今後は、株式売渡請求や株式併合などのスクイーズアウト手続きが行われ2社は完全子会社化されます。商船三井は、バルク船・油送船・LNG船などによるエネルギー輸送サービス、自動車船・コンテナ船・フェリー・ターミナルなどによる製品輸送サービスなどを行っている企業です。
ダイビルは、不動産の所有・経営・管理・賃貸借を行っています。宇徳は、港湾運送事業、海上運送事業、一般貨物自動車運送事業、貨物利用運送事業、倉庫業、通関業、建設業、不動産業などを行っている企業です。

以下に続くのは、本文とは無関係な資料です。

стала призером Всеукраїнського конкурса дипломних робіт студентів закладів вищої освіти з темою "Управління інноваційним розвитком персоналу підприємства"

商船三井としては、グループの経営資源をより強固な形で結集させ、グループ経営の強化を図る目的で2社の完全子会社化を行いました。
ベステラによる矢澤の子会社化
2021(令和3)年12月、ベステラは、矢澤の全株式を取得し完全子会社化しました。取得価額は公表されていません。ベステラは、プラント解体事業、3D計測サービス事業、人材サービス事業を行っている企業です。
矢澤は、アスベスト・ダイオキシン対策工事、内装解体工事事業を行っています。ベステラとしては、プラント解体事業において矢澤の持つ技術やノウハウは高いシナジー効果を発揮すると判断しました。
今治造船とパワーエックスの資本業務提携
2021年12月、今治造船とパワーエックスは資本業務提携契約を締結しました。資本提携の内容は、今治造船からパワーエックスへの10億円の出資です。資本の移動を伴う資本提携は、広義のM&Aとされています。

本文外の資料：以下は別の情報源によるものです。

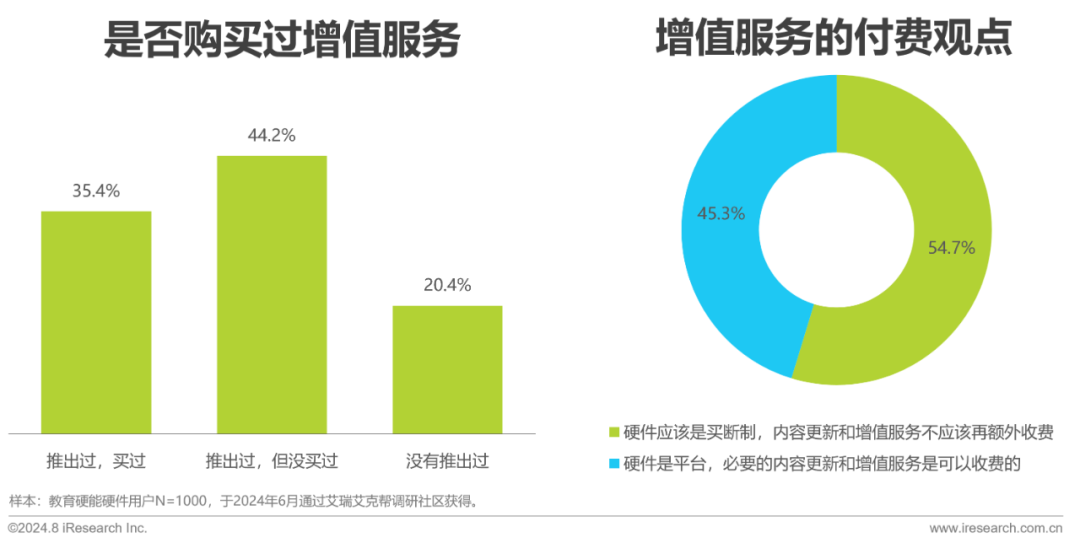 但随着产品渗透率的提高,因品牌信任或产品依赖而带来的增值服务多次收费或将成为未来可期的模式,如学习平板中独家优质教育资源的收费更新,或教育大屏中辅助教师教研的高级工具等。从用户调研来看,接受增值服务付费的用户已占据近一半的比例。

今治造船は、国内複数箇所に拠点を持ち造船業を行っている企業です。パワーエックスは、⼤型蓄電池の製造・販売、電気運搬船の開発・製造を行っています。
業務提携の内容は、船舶用電池の開発・製造における協業と、2025(令和7)年末を目標に「Power ARK」プロトタイプ船の共同開発・建造を行うことです。
ニューホライズンキャピタルによる岩田産業の買収
2020年10月、ニューホライズンキャピタルは、岩田産業の全株式を取得し完全子会社化すると発表しました。買収価額は公表されていません。
ニューホライズンキャピタルは、事業承継・カーブアウト・成長支援・事業再生投資などを手掛ける日本有数のPE(プライベートエクイティ)ファンドです。

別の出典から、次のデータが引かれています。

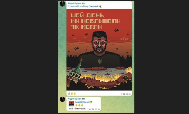 Так можно трактовать сомнительные художества Ермака, опубликованные им на своём телеграм-канале. На картинке в стиле компьютерной игры «Майнкрафт» — небритый Зеленский, беспилотники и… горящая Красная площадь. Ермак прокомментировал «творчество», извратив священную песню «День Победы»:
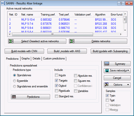 The SANN - Results dialog box provides a variety of options for generating predictions and graphs and for reviewing network properties. The Active neural networks grid at the top of the dialog box enables you to quickly compare the training and testing performance for each of the selected networks and provides additional summary information about each model including the algorithm used in training and the error function and activation functions used for the hidden and output layers. To generate a spreadsheet of the information in the Active neural networks grid, click the Summary button.

1911(明治44)年に岩田鉄工所として創業した岩田産業は、もともと畜産関係の機械器具の製造販売を行っていた会社で、現在は建設業に進出しています。また、近年では浄水場プラント工事を主業として業容を拡大してきました。
そのほか、長年にわたる工事実績の積み重ねと高い施工品質から、東京都下水道局・東京都水道局より優良工事業者として表彰されるなど顧客からの評価が高い企業です。
本件M&Aの目的は、建設業界の共通課題である人手不足問題の解消にあります。買収後、ニューホライズンキャピタルでは人材採用強化・ガバナンスの充実を図るなどバリューアップ戦略に着手している状況です。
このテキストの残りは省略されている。